The Ivanti vulnerabilities attracted more threat groups than previously reported, aiming to conduct espionage or steal financial assets, Mandiant research illustrates. The findings were based on observations Mandiant since late February, but the activities occurred mid January through February.
Suspected China-linked attackers have advanced their command of Ivanti Connect Secure by abusing appliance-specific functionality to achieve their objectives, Mandiant said in the blog post.
Mandiant attributed a cluster of attempted exploits in February to a group it identifies as UNC5291, also known as Volt Typhoon. “Mandiant has not directly observed Volt Typhoon successfully compromise Ivanti Connect Secure,” researchers said in the blog.
The China-linked threat group, which targeted a critical vulnerability in Citrix products in December, has intruded organizations in multiple critical infrastructure sectors in preparation for disruptive attacks.
Another China-linked espionage group Mandiant identifies as UNC5221 remains the only group known to have exploited a pair of Ivanti vulnerabilities starting in early December, before the CVEs were disclosed a month later. Three other China-affiliated espionage groups or clusters have exploited Ivanti VPNs or conducted post-exploitation activities, according to Mandiant.
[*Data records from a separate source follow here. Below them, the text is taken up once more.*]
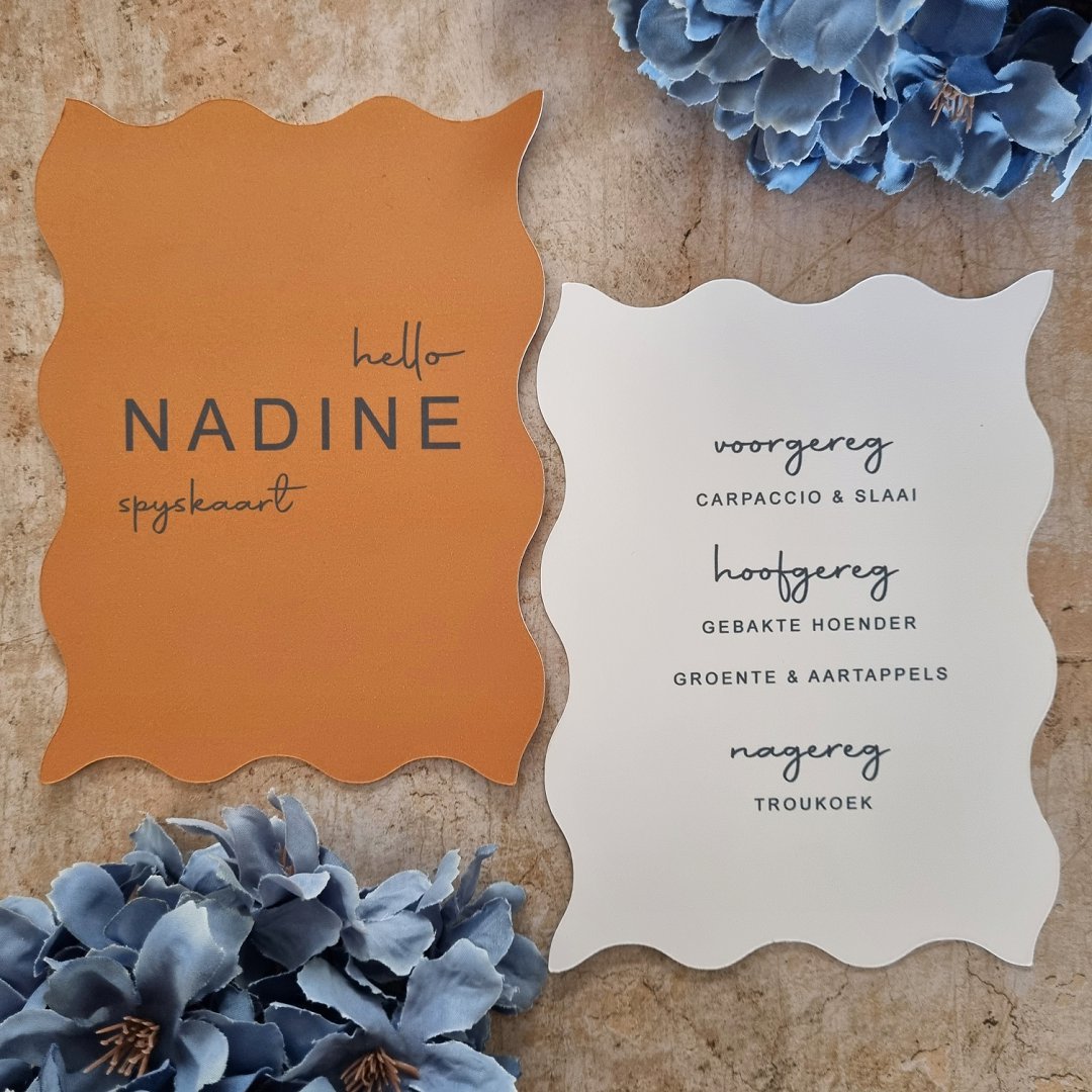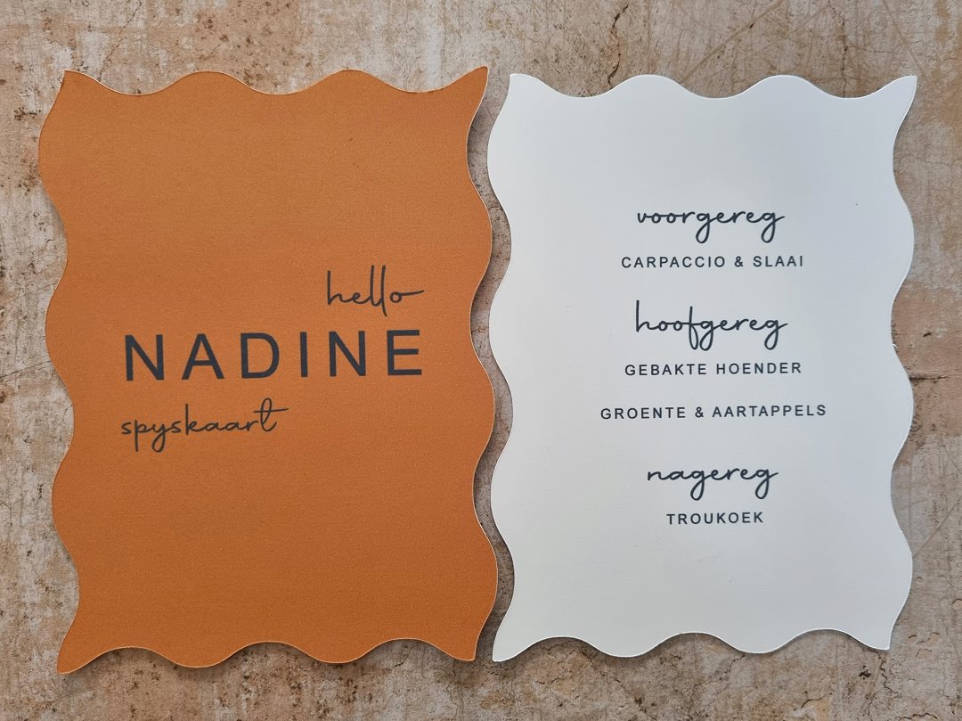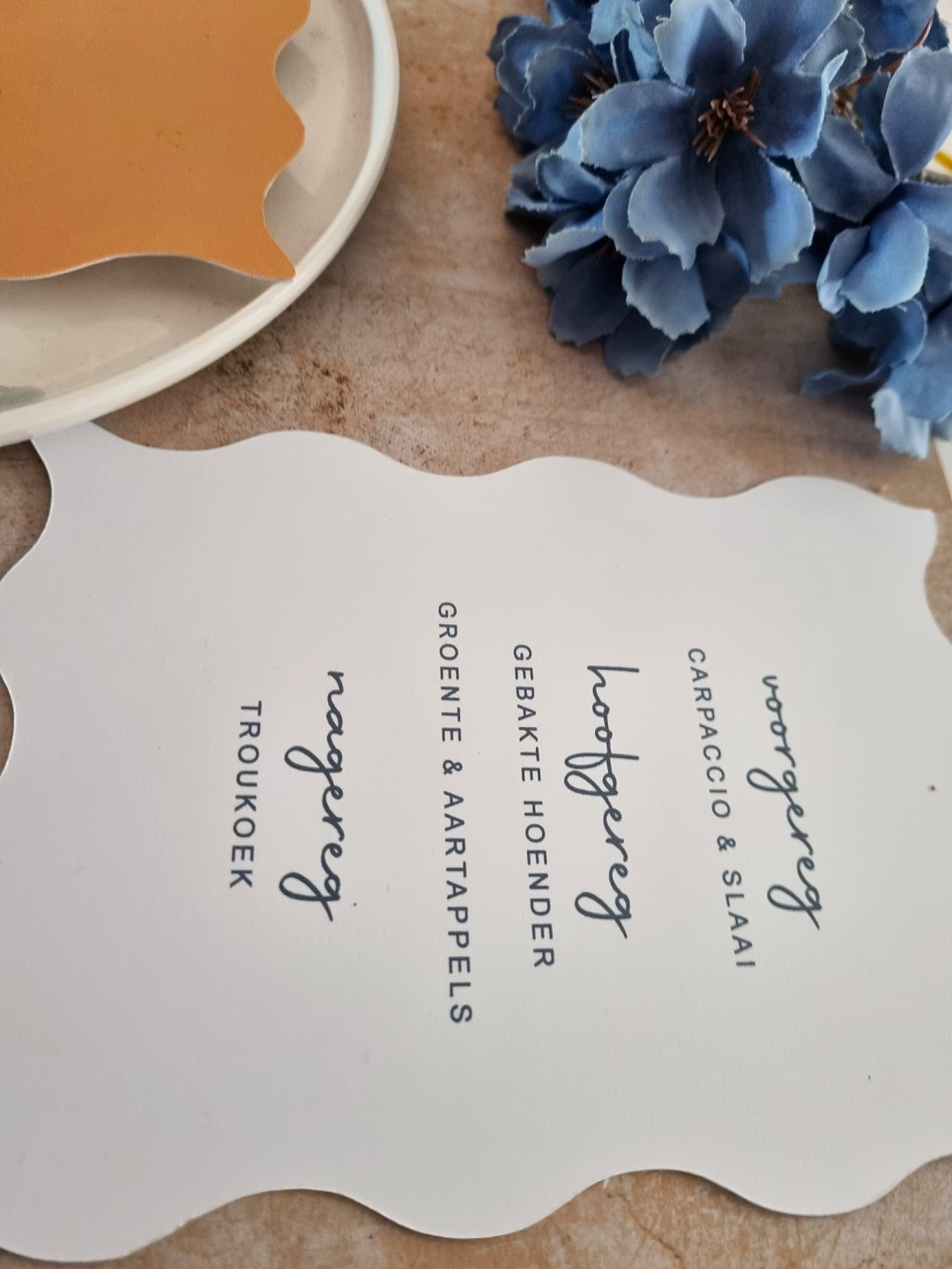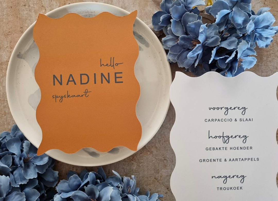 Die trou uitnodiging is een van die eerste indrukke wat jou gaste van jou troue sal kry. Wanneer gaste die venue binnekom, is die eerste dinge waarna hulle soek die sitplek kaartjie, asook die naamkaartjies op die tafels. Wanneer jou gaste by hul sitplek sit, is almal gewoonlik nuuskierig om te weet wat hulle gaan eet. Dus sal die spyskaart op die tafel ook deel wees van jou gaste se eerste indruk van die onthaal.
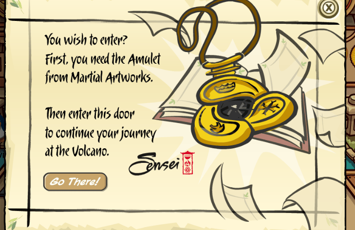 After the entrance rises from the ground, click on the door. You will be met with a note on the door telling you that the Amulet is needed to enter the Fire Dojo.
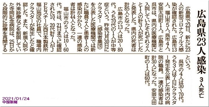 ◆広島県内、23日は23人感染3人死亡 福山のJFEでクラスター 新型コロナ
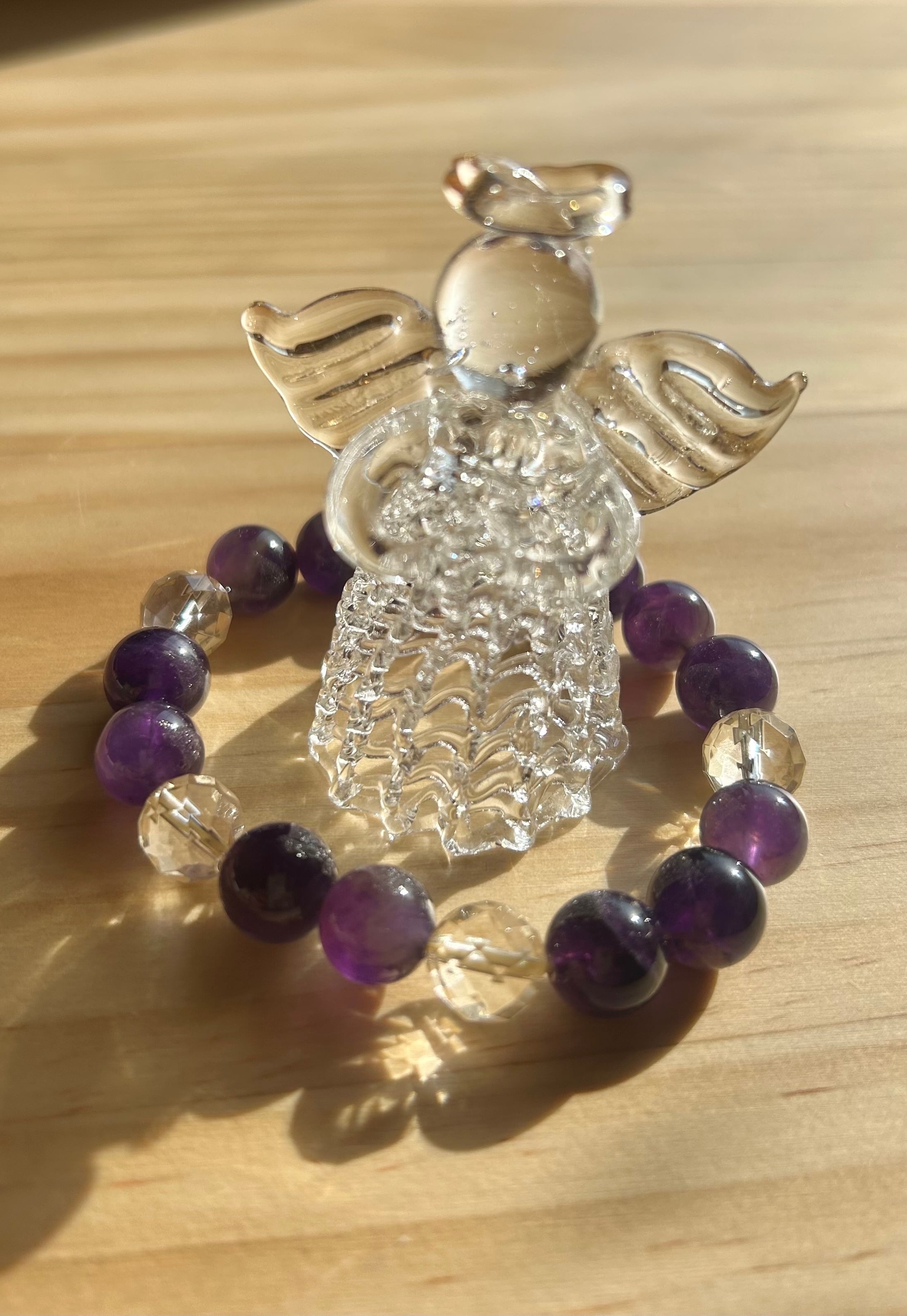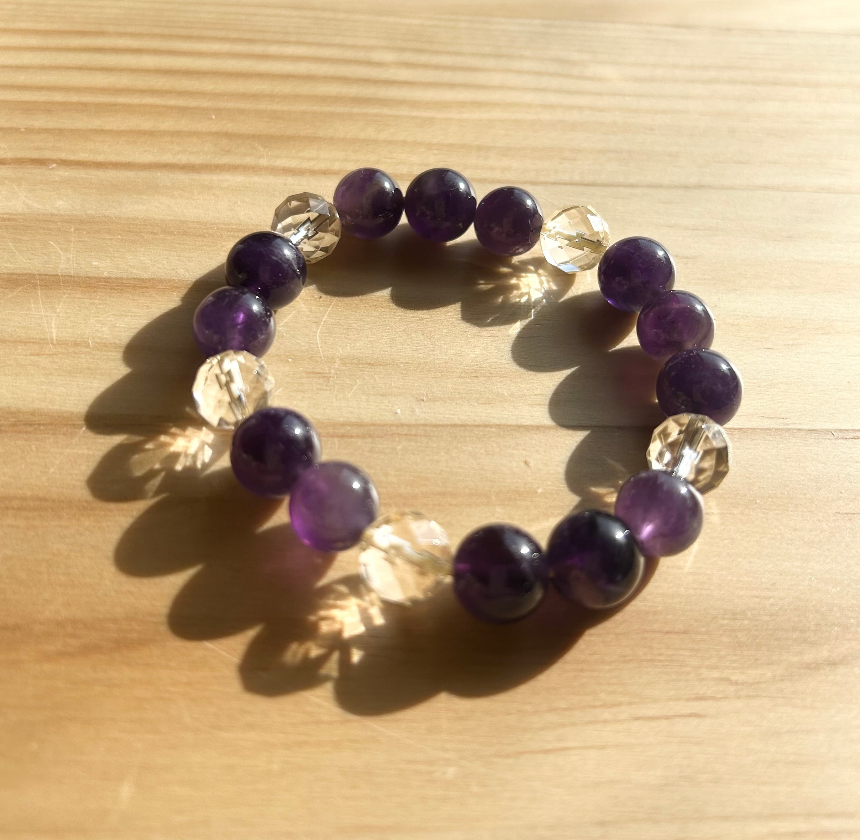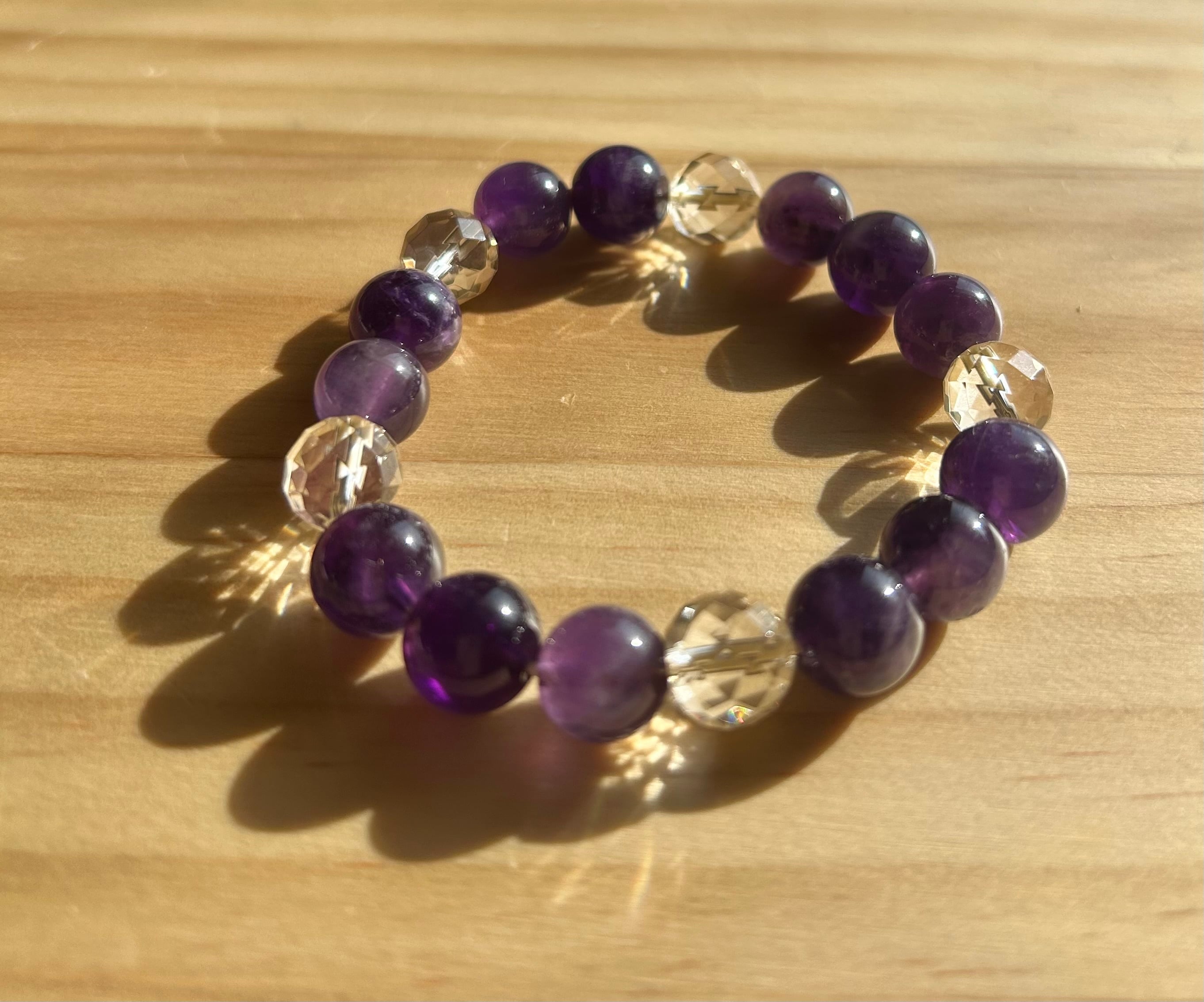 深い紫の静寂を宿すアメジストと、内側から発光するシャンパンカラー水晶。

Researchers at Mandiant said they’ve also observed indications that financially motivated threat groups have begun to exploit a pair of the initial Ivanti zero-day vulnerabilities. The trio of financially motivated attackers are likely seeking to enable cryptocurrency mining related operations, Mandiant said.
Mandiant advised Ivanti customers to run the internal and external integrity checker tool Ivanti released alongside a new patch for all of the vulnerabilities April 3, including four new CVEs Ivanti disclosed Wednesday in a blog post.